A report from the Pew Research Center has revealed that the amount of households with two or more adult generations has increased fourfold in the past fifty years. This data was collected from the census from 1971 to 2021, and it is estimated that these households now make up 18% of the population in the United States.

According to Pew, financial concerns are the primary motivation for families to live together, which can be attributed to the increasing amount of student loan debt and the rising cost of housing.

In the last fifty years, the number of young adults living in a multigenerational household has increased significantly, now standing at 25%. This is a dramatic rise from the 9% recorded five decades ago.

The majority of individuals aged 25 to 34 are residing in the home of one or both of their parents. A smaller portion of this age group are living in their own home and have a parent or other elderly family member living with them.

It is not unexpected that when two or more generations live together, the older parents are more likely to cover the majority of the costs. According to Pew, the typical 25- to 34-year-old in a multigenerational home contributes 22% of the total household income.

For parents, however, providing financial assistance to their adult children can be a significant burden when their own financial stability is in jeopardy.

The current economy has seen the highest inflation rate in decades, leading to a significant increase in the cost of providing support. A survey conducted by Credit Karma revealed that 69% of parents who assist their adult children experience financial strain as a result.
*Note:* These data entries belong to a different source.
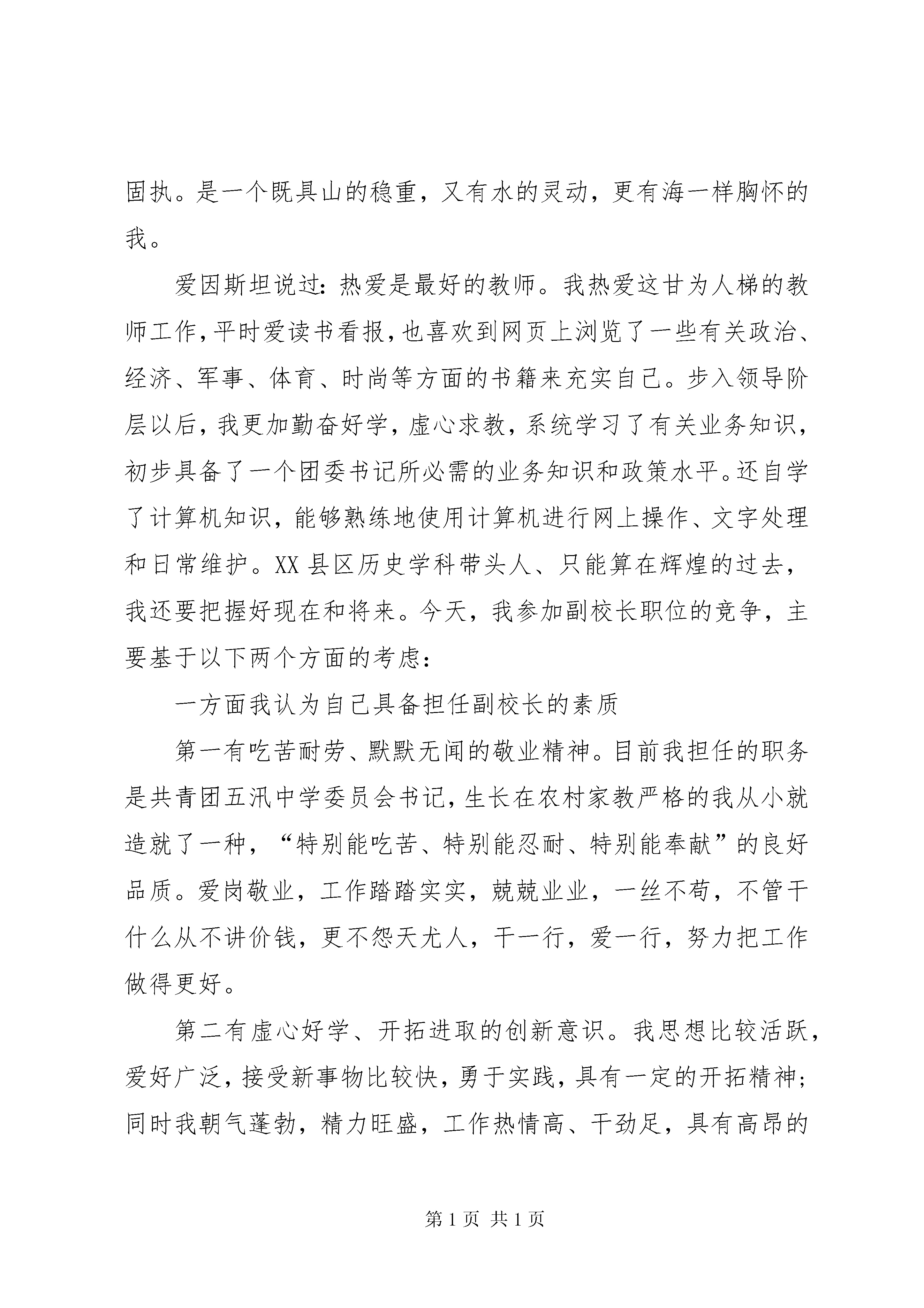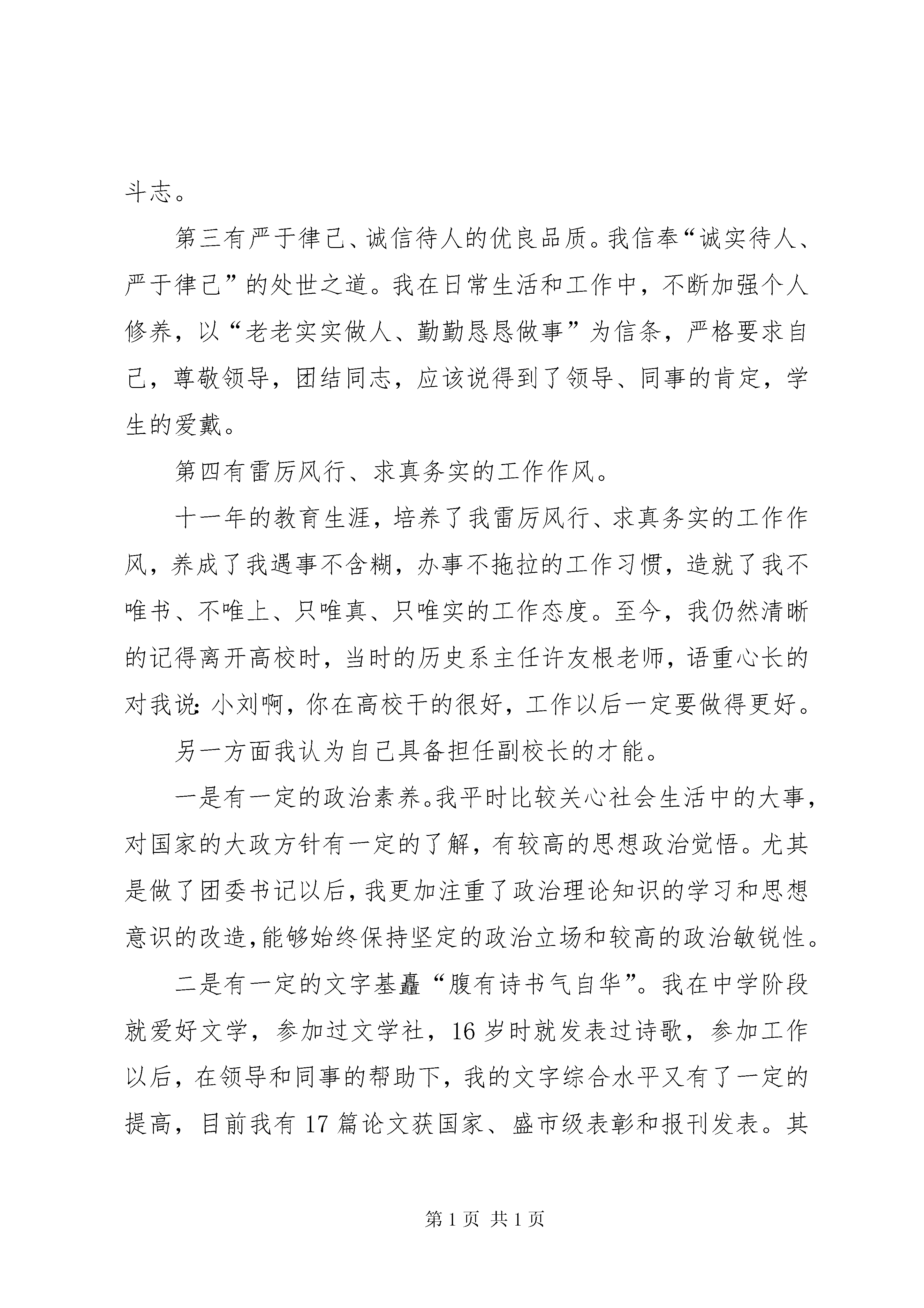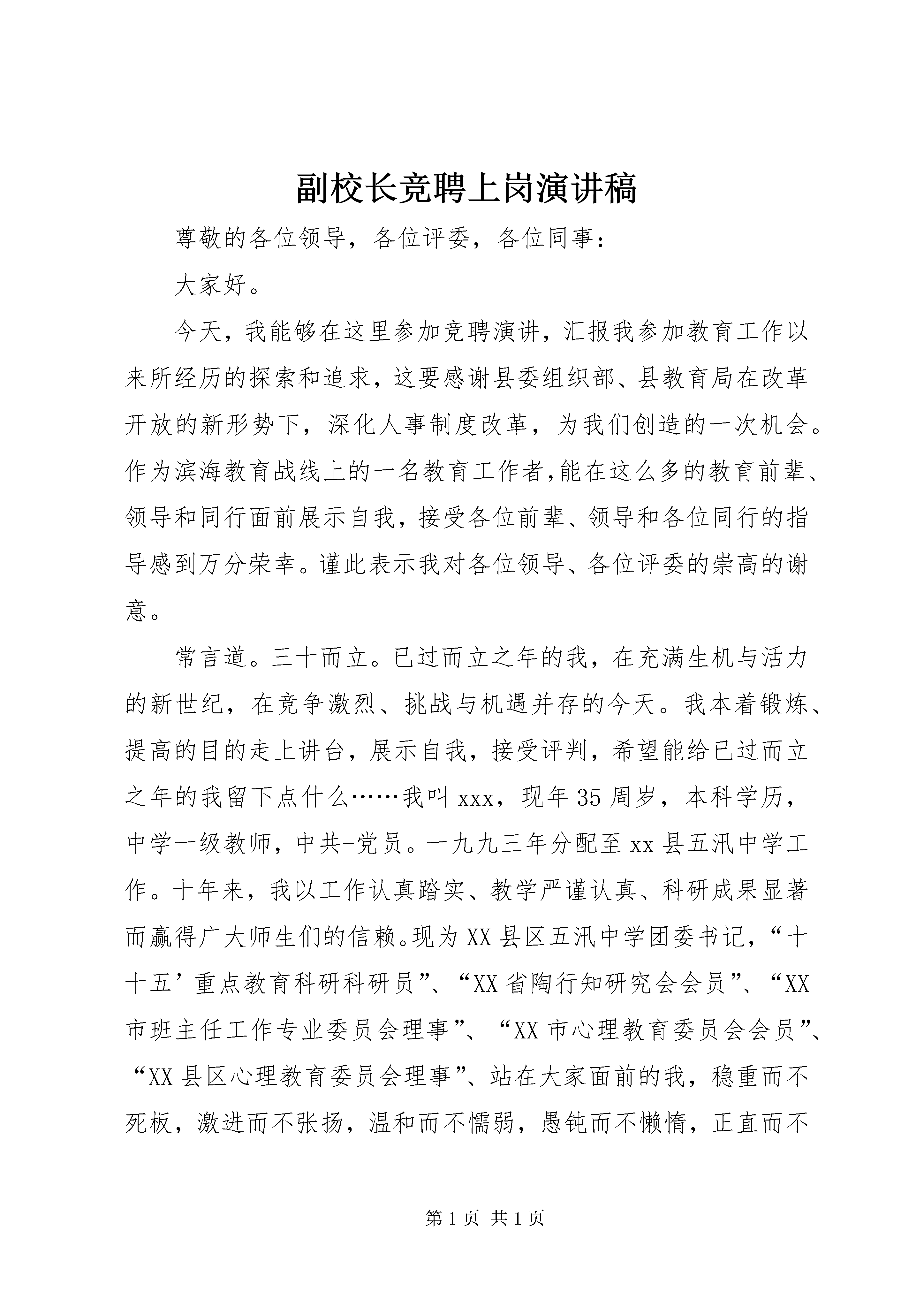副校长竞聘上岗演讲稿尊敬的各位领导,各位评委,各位同事:大家好。今天,我能够在这里参加竞聘演讲,汇报我参加教育工作以来所经历的探索和追求,这要感谢县委组织部、县教育局在改革开放的新形势下,深化人事制度改革,为我们创造的一次机会。作为滨海教育战线上的一名教育工作者,能在这么多的教育前辈、领导和同行面前展示自我,接受各位前辈、领导和各位同行的指导感到万分荣幸。谨此表示我对各位领导、各位评委的崇高的谢意。常言道。三十而立。已过而立之年的我,在充满生机与活力的新世纪,在竞争激烈、挑战与机遇并存的今天。我本着锻炼、提高的目的走上讲台,展示自我,接受评判,希望能给已过而立之年的我留下点什么……我叫xxx,现年35周岁,本科学历,中学一级教师,中共-党员。一九九三年分配至xx县五汛中学工作。十年来,我以工作认真踏实、教学严谨认真、科研成果显著而赢得广大师生们的信赖。现为XX县区五汛中学团委书记,“十十五’重点教育科研科研员”、“XX省陶行知研究会会员”、“XX市班主任工作专业委员会理事”、“XX市心理教育委员会会员”、“XX县区心理教育委员会理事”、站在大家面前的我,稳重而不死板,激进而不张扬,温和而不懦弱,愚钝而不懒惰,正直而不固执。是一个既具山的稳重,又有水的灵动,更有海一样胸怀的我。爱因斯坦说过:热爱是最好的教师。我热爱这甘为人梯的教师工作,平时爱读书看报,也喜欢到网页上浏览了一些有关政治、经济、军事、体育、时尚等方面的书籍来充实自己。步入领导阶层以后,我更加勤奋好学,虚心求教,系统学习了有关业务知识,初步具备了一个团委书记所必需的业务知识和政策水平。还自学了计算机知识,能够熟练地使用计算机进行网上操作、文字处理和日常维护。XX县区历史学科带头人、只能算在辉煌的过去,我还要把握好现在和将来。今天,我参加副校长职位的竞争,主要基于以下两个方面的考虑:一方面我认为自己具备担任副校长的素质第一有吃苦耐劳、默默无闻的敬业精神。目前我担任的职务是共青团五汛中学委员会书记,生长在农村家教严格的我从小就造就了一种,“特别能吃苦、特别能忍耐、特别能奉献”的良好品质。爱岗敬业,工作踏踏实实,兢兢业业,一丝不苟,不管干什么从不讲价钱,更不怨天尤人,干一行,爱一行,努力把工作做得更好。第二有虚心好学、开拓进取的创新意识。我思想比较活跃,爱好广泛,接受新事物比较快,勇于实践,具有一定的开拓精神;同时我朝气蓬勃,精力旺盛,工作热情高、干劲足,具有高昂的斗志。第三有严于律己、诚信待人的优良品质。我信奉“诚实待人、严于律己”的处世之道。我在日常生活和工作中,不断加强个人修养,以“老老实实做人、勤勤恳恳做事”为信条,严格要求自己,尊敬领导,团结同志,应该说得到了领导、同事的肯定,学生的爱戴。第四有雷厉风行、求真务实的工作作风。十一年的教育生涯,培养了我雷厉风行、求真务实的工作作风,养成了我遇事不含糊,办事不拖拉的工作习惯,造就了我不唯书、不唯上、只唯真、只唯实的工作态度。至今,我仍然清晰的记得离开高校时,当时的历史系主任许友根老师,语重心长的对我说:小刘啊,你在高校干的很好,工作以后一定要做得更好。另一方面我认为自己具备担任副校长的才能。一是有一定的政治素养。我平时比较关心社会生活中的大事,对国家的大政方针有一定的了解,有较高的思想政治觉悟。尤其是做了团委书记以后,我更加注重了政治理论知识的学习和思想意识的改造,能够始终保持坚定的政治立场和较高的政治敏锐性。二是有一定的文字基矗“腹有诗书气自华”。我在中学阶段就爱好文学,参加过文学社,16岁时就发表过诗歌,参加工作以后,在领导和同事的帮助下,我的文字综合水平又有了一定的提高,目前我有17篇论文获国家、盛市级表彰和报刊发表。其中我撰写的《历史教学体现时代精神的做法》获国家级教研论文一等奖,《历史教学》、《中学历史教学参考》、《历史知识》等国家级杂志,纷纷来信要求刊登、发表。
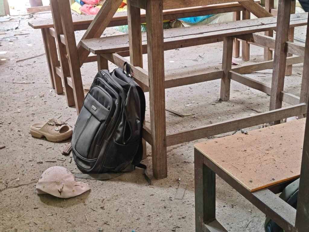 ဒရုန်းဗုံးကျရောက်ပေါက်ကွဲမှုကြောင့် စာသင်ဆောင် ၁ ခု ပျက်စီးခဲ့ပြီး ထိခိုက်ဒဏ်ရာရသူတွေကို ဆေးကုသမှုပေးနေတယ်လို့ ဆိုပါတယ်။
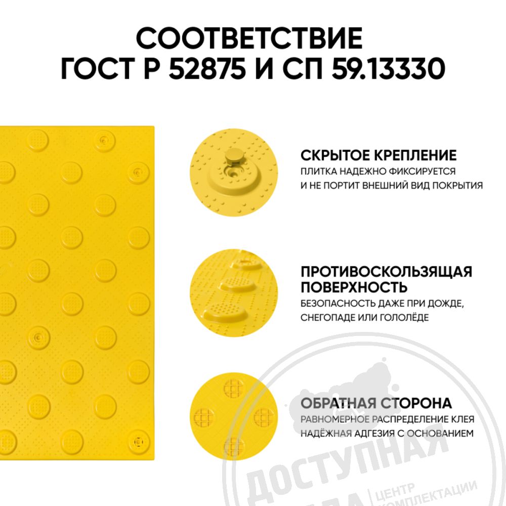 Тактильная полиуретановая плитка соответствует требованиям ГОСТ Р 52875-2018 и изготавливается из прочного полиуретана с твёрдостью не более 85 ед. по Шору (шкала А). Материал отличается устойчивостью к перепадам температур, влагостойкостью и частичными грязеотталкивающими свойствами, что делает плитку подходящей как для внутренней, так и для наружной укладки. Дополнительно поверхность имеет противоскользящее покрытие, обеспечивающее безопасное использование на различных типах оснований.
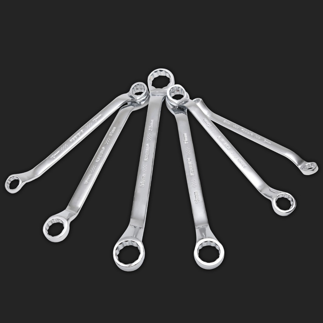 KSEIBIの両口リングレンチは、機械作業に最適なツールとして設計されています。クロムバナジウム鋼を使用し、耐久性と強度を兼ね備えた信頼性の高い作りが特徴です。ミラーフィニッシュ仕上げにより、錆びや腐食に強く、清掃も簡単で長期間の使用に適しています。
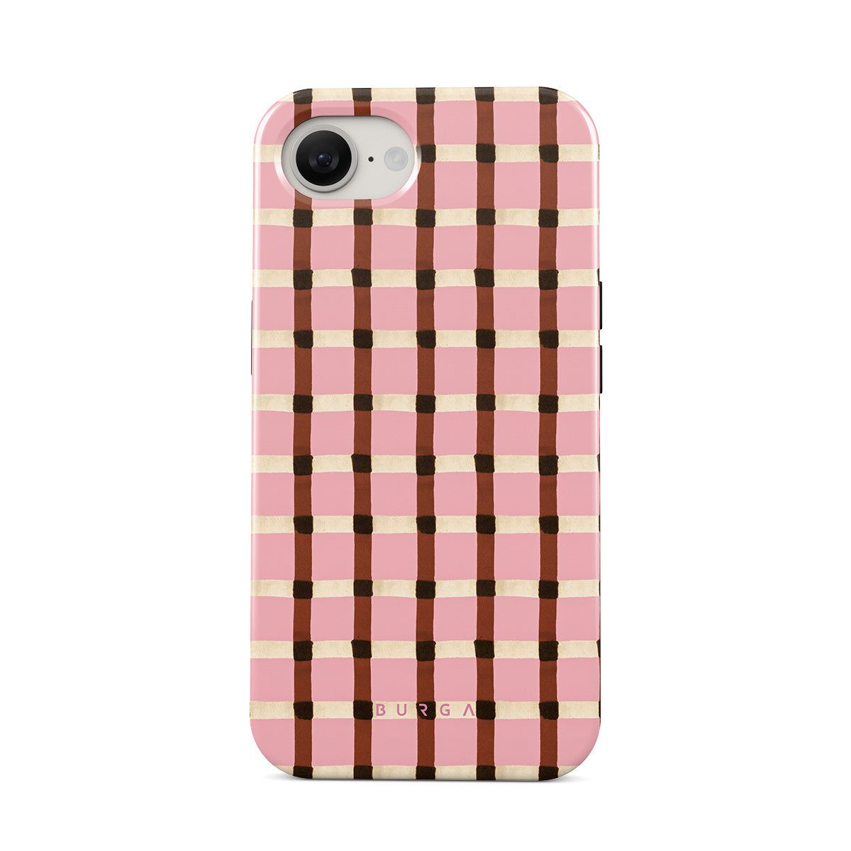 Kenmerken van dit design: een roze en bruin geruit patroon, een gingham-patroon
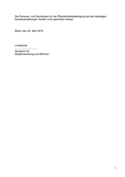 Die Personal- und Sachkosten für die Öffentlichkeitsbeteiligung bei den beteiligten Senatsverwaltungen werden nicht gesondert erfasst. Berlin, den 25. April 2019 Lompscher ................................ Senatorin für Stadtentwicklung und Wohnen 4
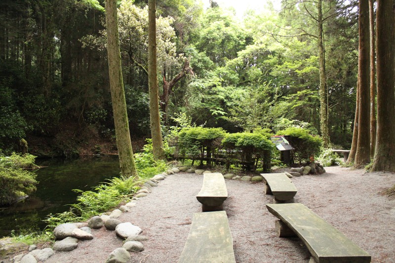 広い池の中から水がこんこんと沸き、あたりの森は夏でも清涼感がただよいます。
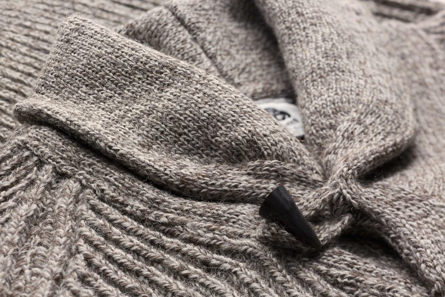 100% wol. Bevat niet uit textiel bestaande delen van dierlijke oorsprong: Echte hoornen knoop. Gemaakt in Groot-Brittannië. Ruglengte in maat L = 69 cm.
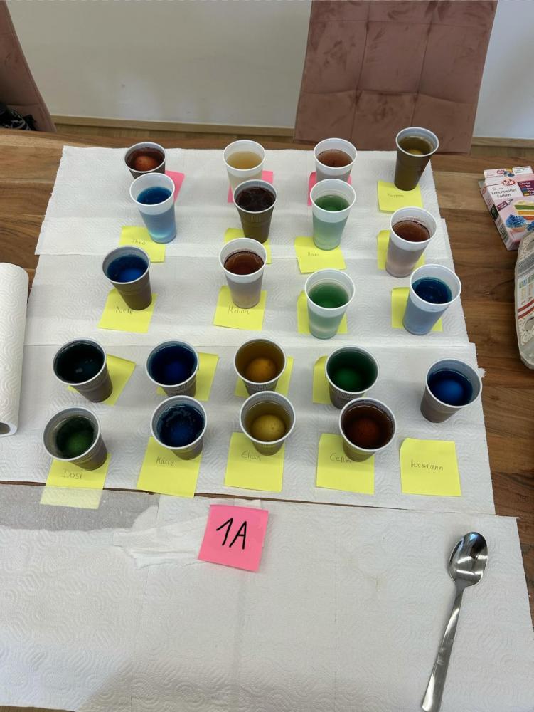 Ostereier färben von Leticia Bachmann 28. März 2026 1a Diese Woche wurde es in der 1A besonders kreativ: Die Schülerinnen und Schüler haben mit viel Begeisterung Ostereier gefärbt und liebevoll Osterkörbe gebastelt. Dabei hatten alle großen Spaß!
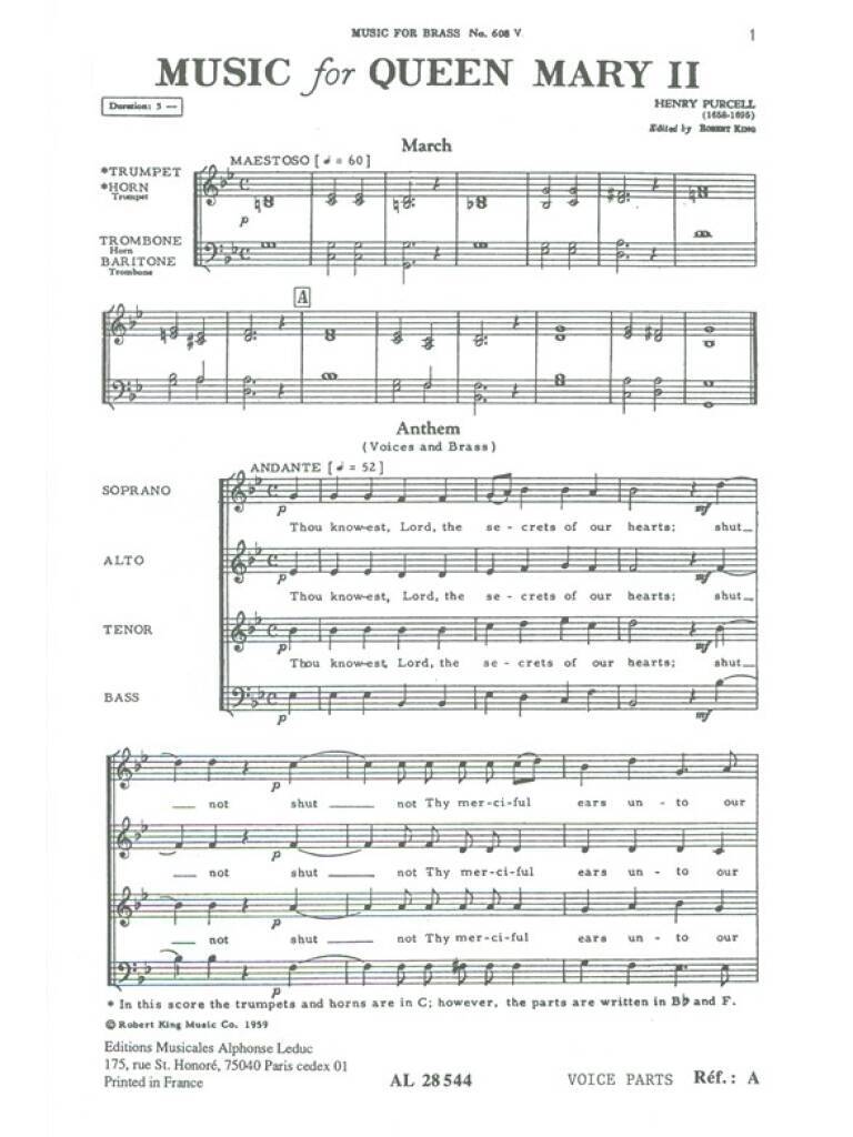 PURCELL MUSIC FOR QUEEN MARY 2 BRASS QUARTET & CHOIR VOCAL SCORE
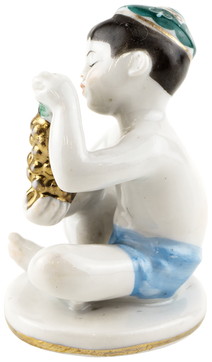 Статуэтка фарфоровая "Мальчик с виноградом", винтаж, высота 7 см, ЛФЗ, СССР, 1960 - е гг.
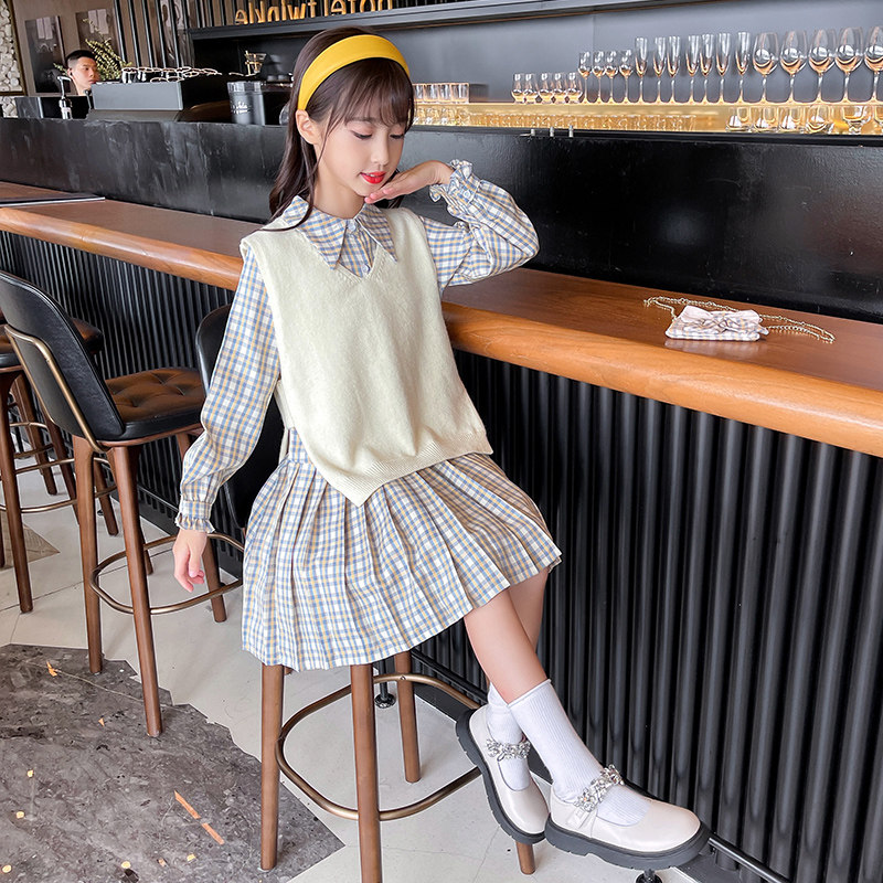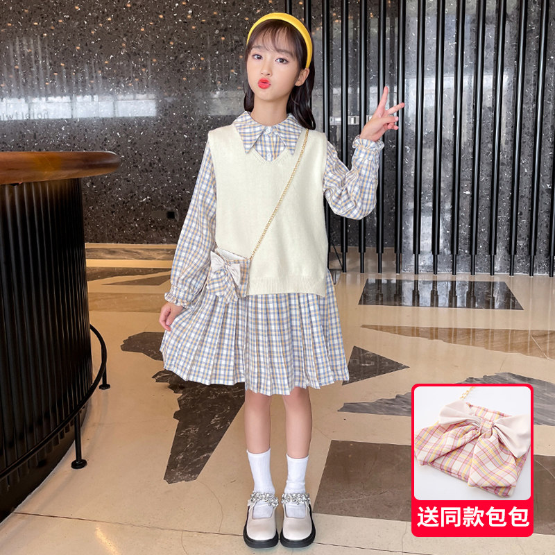 Girls Autumn Dresses 2022 New Western Style Net Red Girls Children's Clothing Autumn Princess Skirts Two-piece Suit
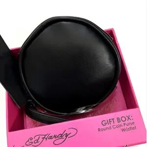 These round zip coin purses feature Ed Hardy’s iconic rhinestone heart tattoo design in two colorways — one crisp white and one sleek black — giving you two edgy looks in one fun, gift-ready set.
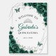 Emerald green silver and white Quinceanera welcome sign foam board sign. Features, script font, silver butterflies, watercolor roses and tiara. Perfect for an elegant princess style glam celebration. Personalize with your own details.

Alev emphasized the importance of parents taking care of their own finances before providing financial assistance to their adult children.

She suggested that it is important to create a budget for your income and expenses, including savings, debt repayment, and if possible, contributions to a retirement fund.

Once you have taken care of your own financial needs, you can then assess how much you can realistically provide to your adult children. It may be beneficial to set a deadline for when they should be able to become financially independent. This will give them a timeline to work towards.